[R-sig-ME] how reliable are inferences drawn from binomial models for small datasets fitted with lme4?
Roger Levy
rlevy at ling.ucsd.edu
Sun Jul 5 21:51:05 CEST 2009
This post may be of interest in light of the recent discussion of PQL
versus Laplace-approximated likelihood. I'm facing an interestingly
challenging analysis of a relatively small (190-observation) binary-
response dataset with a single two-level treatment and two crossed
random factors (call them F1 and F2). The question of current
interest is whether I can infer a difference in fixed effect of
treatment; it is hard to figure out the right conclusions to draw.
I'm putting the full dataset at the end of the message, but I'll start
by presenting some summary statistics:
> xtabs(~ Treatment + Response, dat)
Response
Treatment 0 1
1 12 117
2 0 61
Fisher's exact test says "yes, the treatment has an effect" at
p=0.01. But of course that doesn't take into account the crossed
hierarchical structure of the data.

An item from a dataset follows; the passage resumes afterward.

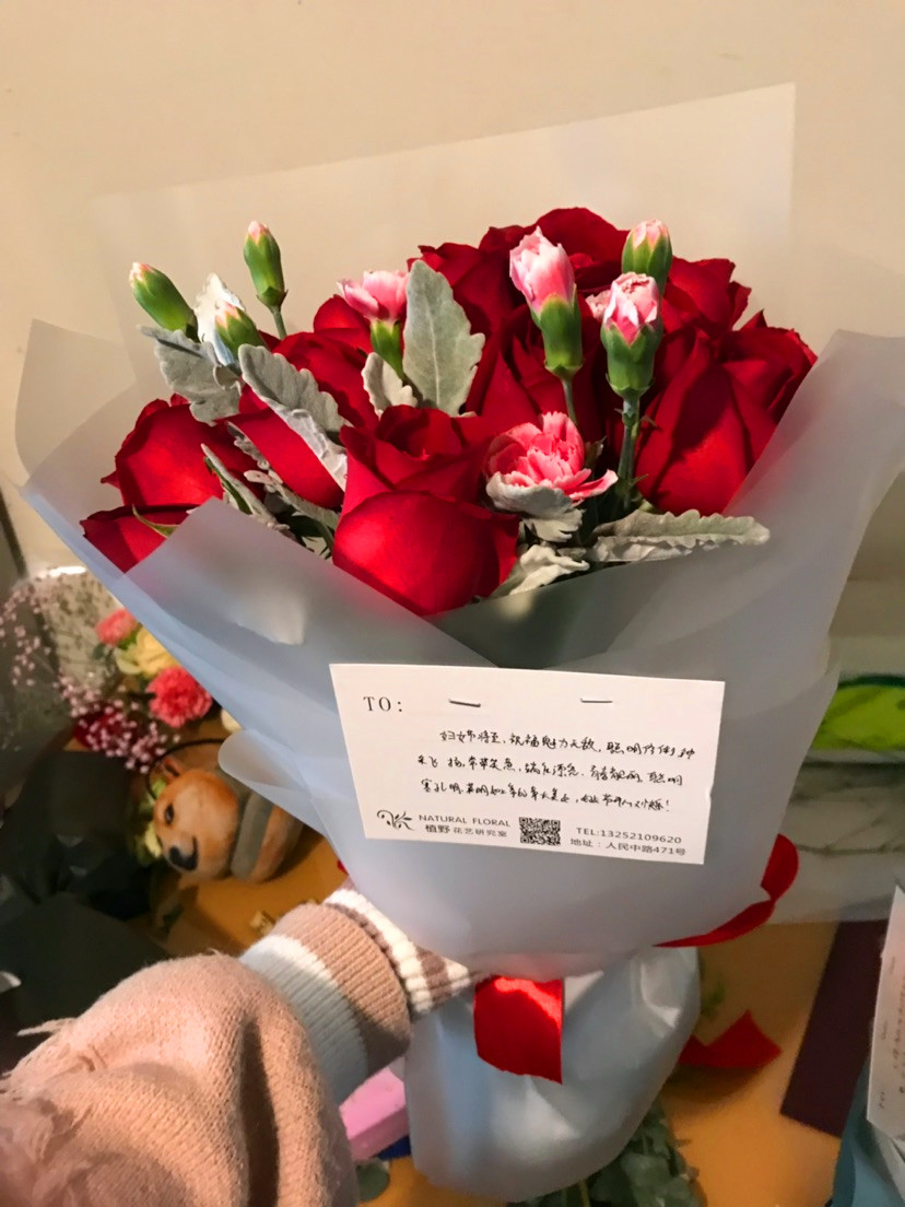 花花收到了,換了一下花材,非常喜歡!非常感謝快遞小哥哥送花過來。花花包裝得很嚴(yán)實仔細(xì),很認(rèn)真!很少女很夢幻的包裝。感動到哭。客服人也非常好,問問題很有耐心,也很仔細(xì)的確認(rèn)各種發(fā)貨細(xì)節(jié)。

Some statistics on this:
> with(dat,tapply(Response, list(F1,Treatment),length))
1 2
1 11 5
2 7 6
3 9 3
4 4 NA
5 3 3
6 11 NA
7 3 3
8 9 4
9 11 3
10 12 6
11 11 8
12 5 6
13 1 NA
14 11 1
15 12 9
16 9 4
> with(dat,tapply(Response, list(F1,Treatment),mean))
1 2
1 1.0000000 1
2 0.5714286 1
3 0.8888889 1
4 1.0000000 NA
5 0.0000000 1
6 1.0000000 NA
7 0.6666667 1
8 1.0000000 1
9 1.0000000 1
10 1.0000000 1
11 0.8181818 1
12 0.6000000 1
13 1.0000000 NA
14 1.0000000 1
15 1.0000000 1
16 1.0000000 1
> with(dat,tapply(Response, list(F2,Treatment),length))
1 2
1 4 2
2 8 2
3 3 1
4 5 2
5 6 3
6 7 2
7 5 5
8 8 1
9 6 6
10 5 2
11 6 NA
12 6 6
13 4 1
14 6 2
15 4 6
16 5 2
17 5 2
18 4 1
19 5 NA
20 4 NA
21 5 6
22 6 3
23 6 5
24 6 1
> with(dat,tapply(Response, list(F2,Treatment),mean))
1 2
1 1.0000000 1
2 0.8750000 1
3 1.0000000 1
4 1.0000000 1
5 1.0000000 1
6 1.0000000 1
7 0.8000000 1
8 0.8750000 1
9 0.8333333 1
10 1.0000000 1
11 0.8333333 NA
12 0.6666667 1
13 1.0000000 1
14 0.8333333 1
15 1.0000000 1
16 1.0000000 1
17 1.0000000 1
18 1.0000000 1
19 1.0000000 NA
20 1.0000000 NA
21 1.0000000 1
22 0.6666667 1
23 0.8333333 1
24 0.8333333 1
So there is some sign of inter-cluster variability, though of course
the binary response makes it hard to see. Crossed random-slope models
converge both with and without a fixed effect of treatment...
> print(m1 <- lmer(Response ~ Treatment + (Treatment - 1 | F1) +
(Treatment - 1 | F2), dat, family=binomial))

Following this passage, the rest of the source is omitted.